_DESCRIPTION OF THE TASK_.
Omit all pictures and transcribe only the lines in the entries below that run from the line with "MARBLOUS KRAFTS Marble" through the line with "- Breite der Türscheibe B: 60 cm".

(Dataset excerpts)
§ §

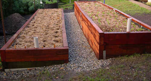 Agua no se evapora en la parte inferior de la cama de drenaje 'absorbe' hasta las raíces y el suelo superior permanece suave, bajo la. Ahora, sólo necesitaremos agua una vez por semana en verano y menos durante el resto del año.
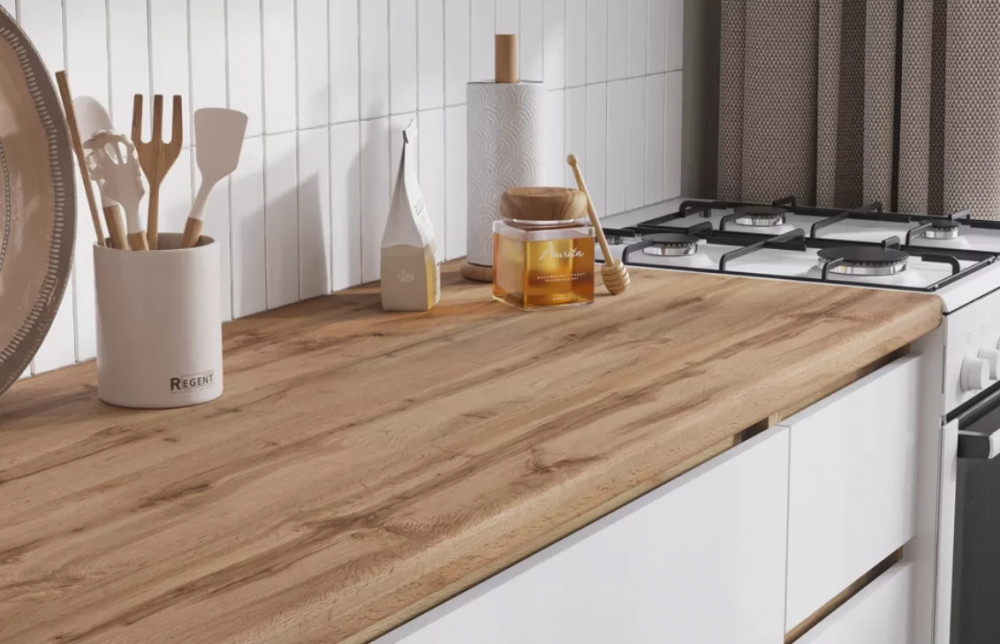 Столешница: ДСП 38 мм, покрытая слоистым пластиком; декор Дуб Вотан.
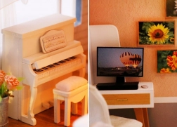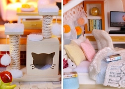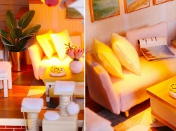 Model je izrađen od kombinacije drva, papira i tkanine, zbog čega djeluje realistično i kvalitetno. Interijer krase minijaturni namještaj i dekoracije koji naglašavaju atmosferu malog doma. LED svjetla (napajanje 2× AAA, nisu uključene) daju sceni živost i navečer stvaraju ugodnu atmosferu.
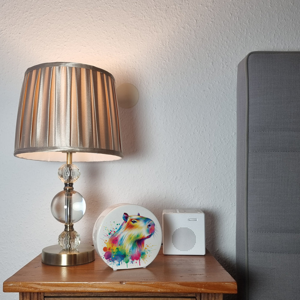 - Die bunte Capybara Spardose ist nicht nur ein Schatzbehälter, sondern auch ein Statement: "Ich bin farbenfroh und sparsam!" Lass dich von diesem süßen Säugetier mit Spritzern dazu inspirieren, für deine bunten Träume zu sparen.
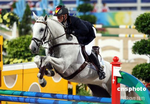 圖為獲得奧運(yùn)馬術(shù)三項賽團(tuán)體賽金牌的德國選手欣里!け颂亍ち_邁克 。
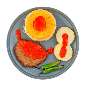 یک سیخ کباب کوبیده 200 گرم گوشت مخلوط گوسفند و گوساله به همراه برنج درجه یک ایرانی همراه با گوجه ، لیمو و....
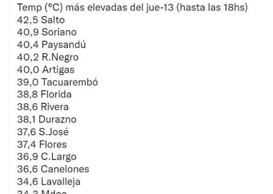 Habría que ver los datos mas cercanos, pero el récord de 1986, con 42.2ºC, ha sido superado, por lo tanto, tendríamos nuevo récord de temperatura máxima en Salto!!
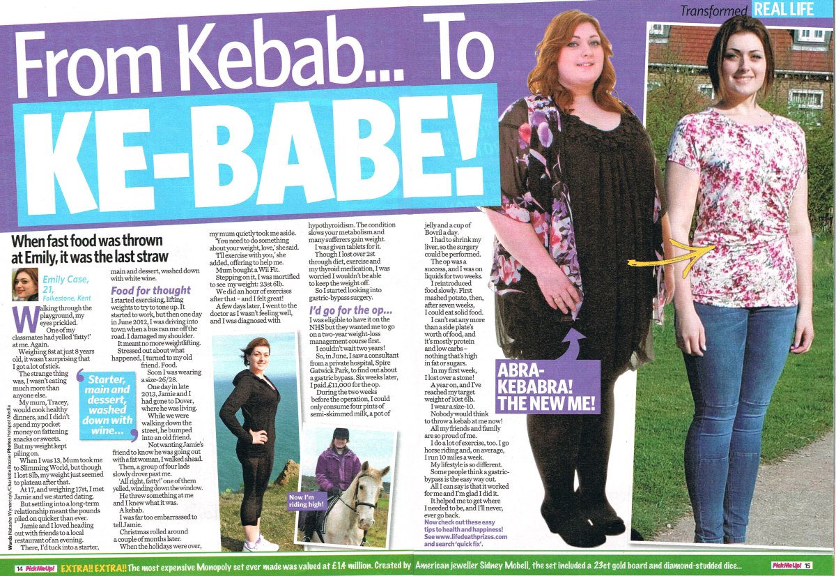 Gorgeous Emily lost a massive 13st after a cruel gang of boys shouted ‘Oi, fatty’ and launched a kebab at her. Now a size 10, she’s happier than ever.
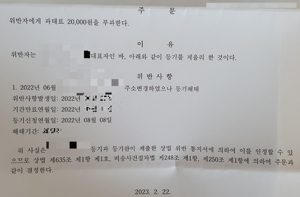 14일 내 신청해야하는 의무 기간이 있는 줄 몰랐다... 그렇게 과태료도 있는 줄 모르고 등기비가 아까워서 나중에 다른거 할 일 있을때 같이 해야지 생각하고 ㅜㅜ
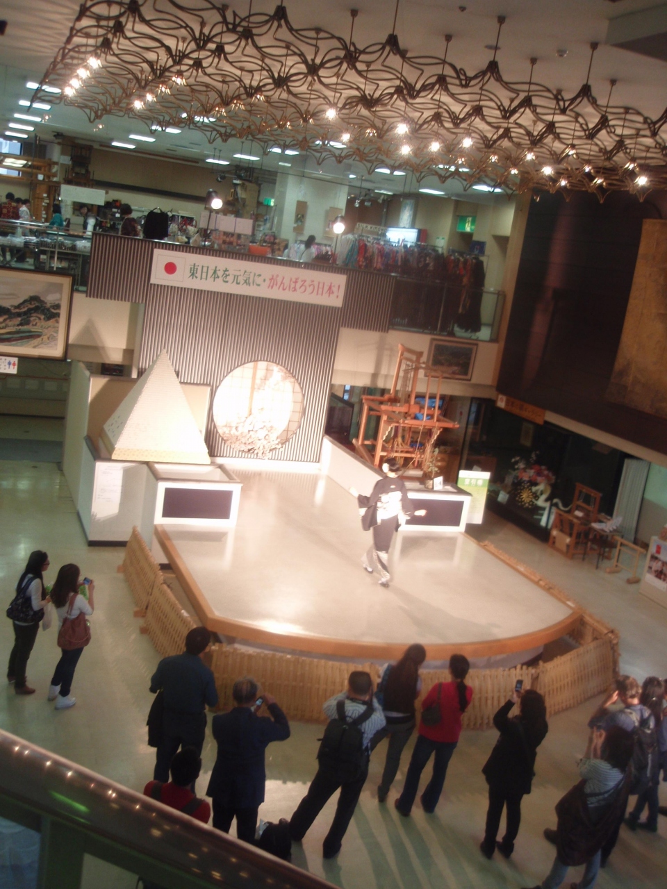 いわゆる観光客向けに西陣織をアピールするために作られた施設。1階は着物ショーが行われていました。事前に予約すればモデル体験もできるそう。有料できものや舞妓などの着付けもやってくれるみたいです。2階はいわゆるみやげものコーナー。ただ内装その他、かなり古い感じ。外国人ツアー客ぐらいじゃないとわざわざ行くことはないかなあ。3階は資料室になっているようでした。
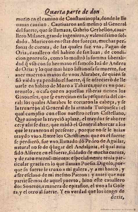 »Entre los cristianos que en el fuerte se perdieron, fue uno llamado don Pedro de Aguilar, natural no sé de qué lugar del Andalucía, el cual había sido alférez en el fuerte, soldado de mucha cuenta8 y de raro entendimiento: especialmente tenía particular gracia en lo que llaman poesía. Dígolo porque su suerte le trujo a mi galera y a mi banco, y a ser esclavo de mi mesmo patrón; y, antes que nos partiésemos de aquel puerto, hizo este caballero dos sonetos, a manera de epitafios, el uno a la Goleta y el otro al fuerte. Y en verdad que los tengo de9
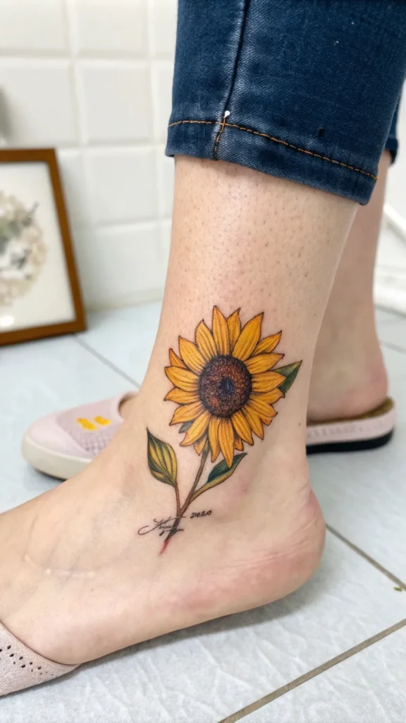 When designing a tiny sunflower ankle tattoo, consider the summer vibes you want to evoke.
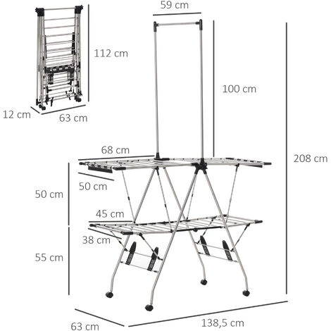 – Etendoir portant pliable compact afin de vous en faciliter son rangement et déplacement si besoin (4 roulettes dont 2 avec frein)
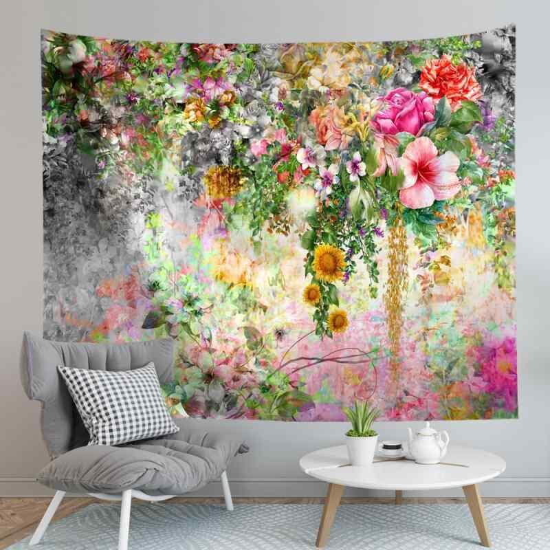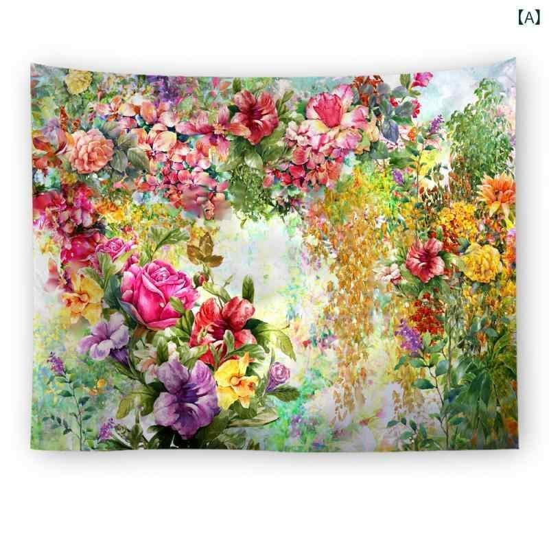 タペストリー 壁掛け 背景布 リビング 寝室 子供部屋 装飾布 花柄 プリント ポリエステル製 正方形 モダン インテリア 間仕切り 目隠し 軽量 多用途
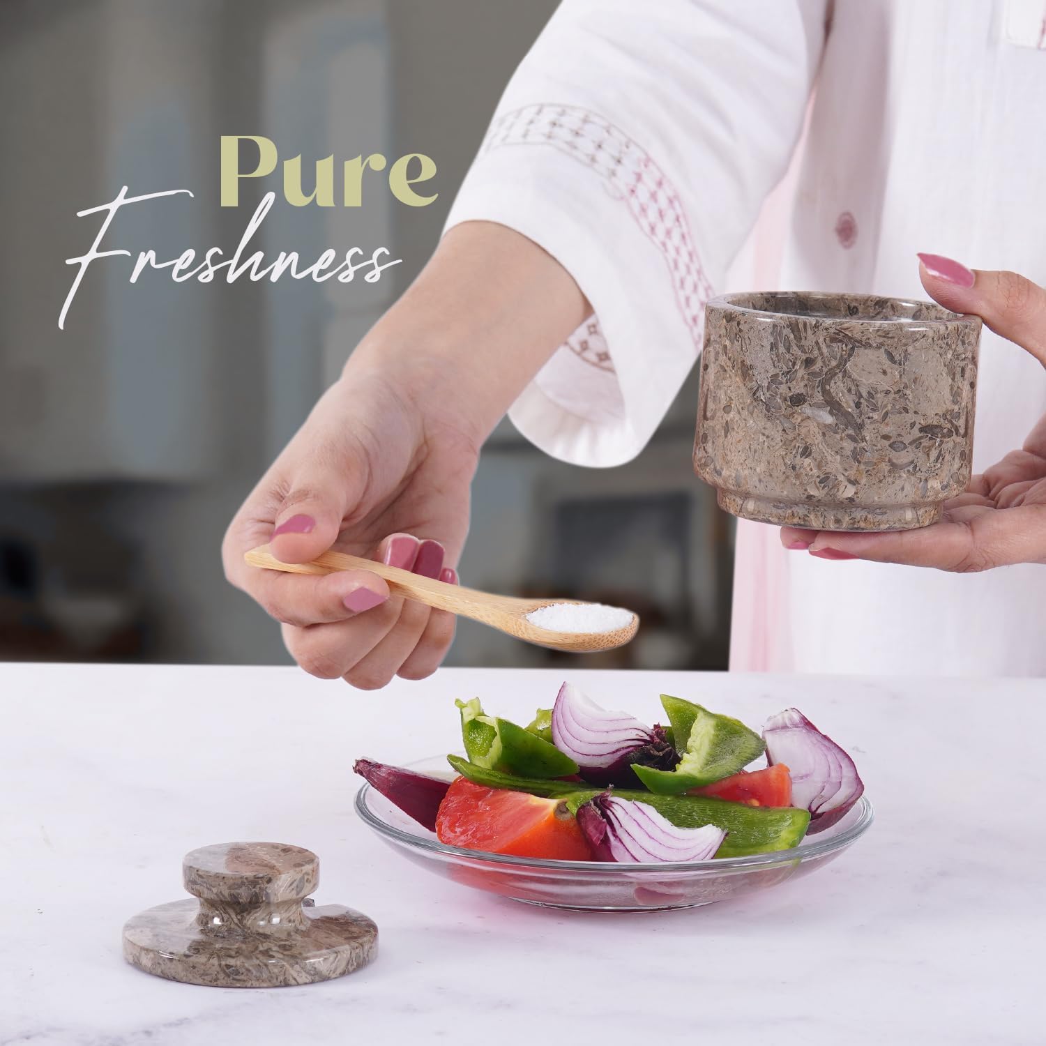 MARBLOUS KRAFTS Marble Salt Cellar with Lid 3" Inch Oceanic Salt Box, Seasoning Container & Spice Jars, Stone Salt Holder for Counter, Spice Jar
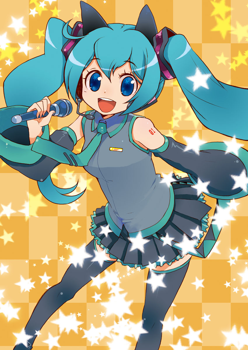 :d1girlanimal earsaqua hairblue eyesblue haircheckered backgrounddetached sleevesfemale focusheadsetlong hairlooking at viewermatching hair/eyesmicrophonenecktienumber tattooopen mouthshoulder tattooskirtsmilesolostar (symbol)tattoothighhighstwintailszettai ryouiki
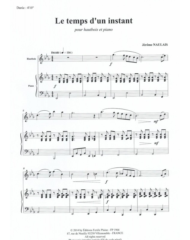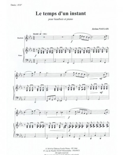Le Temps D'un Instant Jérôme Naulais Hautbois et Piano Recueil + Partition
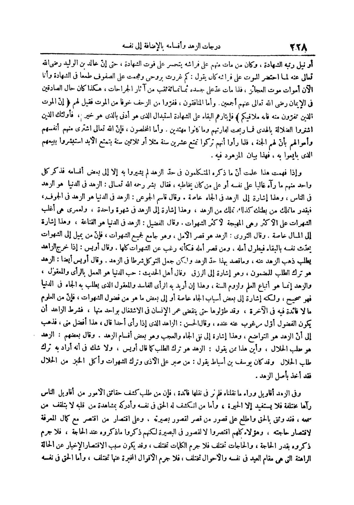 وقال أويس أيضاً الزهد هو ترك الطلب للمضمون وهو إشارة إلى الرزق وقال أهل الحديث حب الدنيا هو العمل بالرأي والمعقول والزهد إنما هو أتباع العلم ولزوم السنة وهذا إن أريد به الرأي الفاسد والمعقول الذي يطلب به الجاه في الدنيا فهو صحيح ولكنه إشارة إلى بعض أسباب الجاه خاصة أو إلى بعض ما هو من فضول الشهوات فإن من العلوم ما لا فائدة فيه في الآخرة وقد طولوها حتى ينقضي عمر الإنسان في الاشتغال بواحد منها فشرط الزاهد أن يكون الفضول أول مرغوب عنه عنده وقال الحسن الزاهد الذى إذا رأى أحداً قال هذا أفضل مني فذهب إلى أن الزهد هو التواضع وهذا إشارة إلى نفي الجاه والعجب وهو بعض أقسام الزهد وقال بعضهم الزهد هو طلب الحلال وأين هذا ممن يقول الزهد هو ترك الطلب كما قال أويس ولا شك في أنه أراد به ترك طلب الحلال وقد كان يوسف بن أسباط يقول من صبر على الأذى وترك الشهوات وأكل الخبز من الحلال فقد أخذ بأصل الزهد
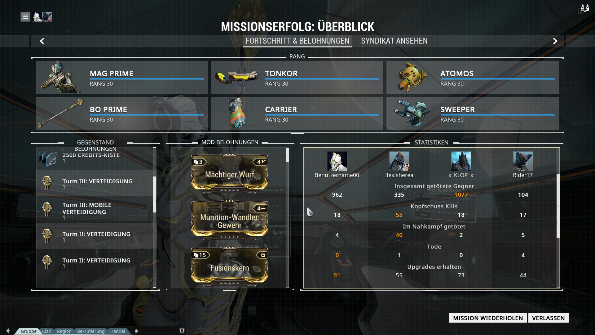 Direkt danach nen run mit randoms bis 3100 Punkten (lvl 100) gemacht. Die Mission farmen wohl nur gute Spieler ab. ^^
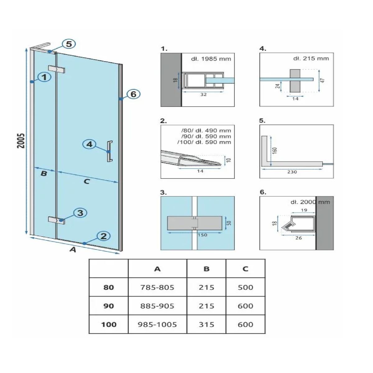 - Breite der Türscheibe B: 60 cm
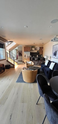 Living Area: The heart of the home features vaulted ceilings and floor to ceiling windows that enhance the spaciousness and elegance as well as breathtaking views. The plush sectional sofa by the grand stone fireplace is the perfect place to cozy up and unwind or an ideal spot to watch movies on the 75” TV with Sonos soundbar. The great room flows into the spacious dining room and Chef’s kitchen. Enjoy your favorite music on the Savant Sound System that flows throughout the house and joins with the large home theatre projector screen in the basement. The basement features an incredible entertainment area with wet bar, complete with a dishwasher and full-sized fridge, perfect for effortless hosting. There’s also an additional adjacent space for games. A Queen sleeper sofa is available in this downstairs area.

§ §

_WRITTEN REPLY_.
 MARBLOUS KRAFTS Marble Salt Cellar with Lid 3" Inch Oceanic Salt Box, Seasoning Container & Spice Jars, Stone Salt Holder for Counter, Spice Jar
 :d1girlanimal earsaqua hairblue eyesblue haircheckered backgrounddetached sleevesfemale focusheadsetlong hairlooking at viewermatching hair/eyesmicrophonenecktienumber tattooopen mouthshoulder tattooskirtsmilesolostar (symbol)tattoothighhighstwintailszettai ryouiki
Le Temps D'un Instant Jérôme Naulais Hautbois et Piano Recueil + Partition
 وقال أويس أيضاً الزهد هو ترك الطلب للمضمون وهو إشارة إلى الرزق وقال أهل الحديث حب الدنيا هو العمل بالرأي والمعقول والزهد إنما هو أتباع العلم ولزوم السنة وهذا إن أريد به الرأي الفاسد والمعقول الذي يطلب به الجاه في الدنيا فهو صحيح ولكنه إشارة إلى بعض أسباب الجاه خاصة أو إلى بعض ما هو من فضول الشهوات فإن من العلوم ما لا فائدة فيه في الآخرة وقد طولوها حتى ينقضي عمر الإنسان في الاشتغال بواحد منها فشرط الزاهد أن يكون الفضول أول مرغوب عنه عنده وقال الحسن الزاهد الذى إذا رأى أحداً قال هذا أفضل مني فذهب إلى أن الزهد هو التواضع وهذا إشارة إلى نفي الجاه والعجب وهو بعض أقسام الزهد وقال بعضهم الزهد هو طلب الحلال وأين هذا ممن يقول الزهد هو ترك الطلب كما قال أويس ولا شك في أنه أراد به ترك طلب الحلال وقد كان يوسف بن أسباط يقول من صبر على الأذى وترك الشهوات وأكل الخبز من الحلال فقد أخذ بأصل الزهد
 Direkt danach nen run mit randoms bis 3100 Punkten (lvl 100) gemacht. Die Mission farmen wohl nur gute Spieler ab. ^^
 - Breite der Türscheibe B: 60 cm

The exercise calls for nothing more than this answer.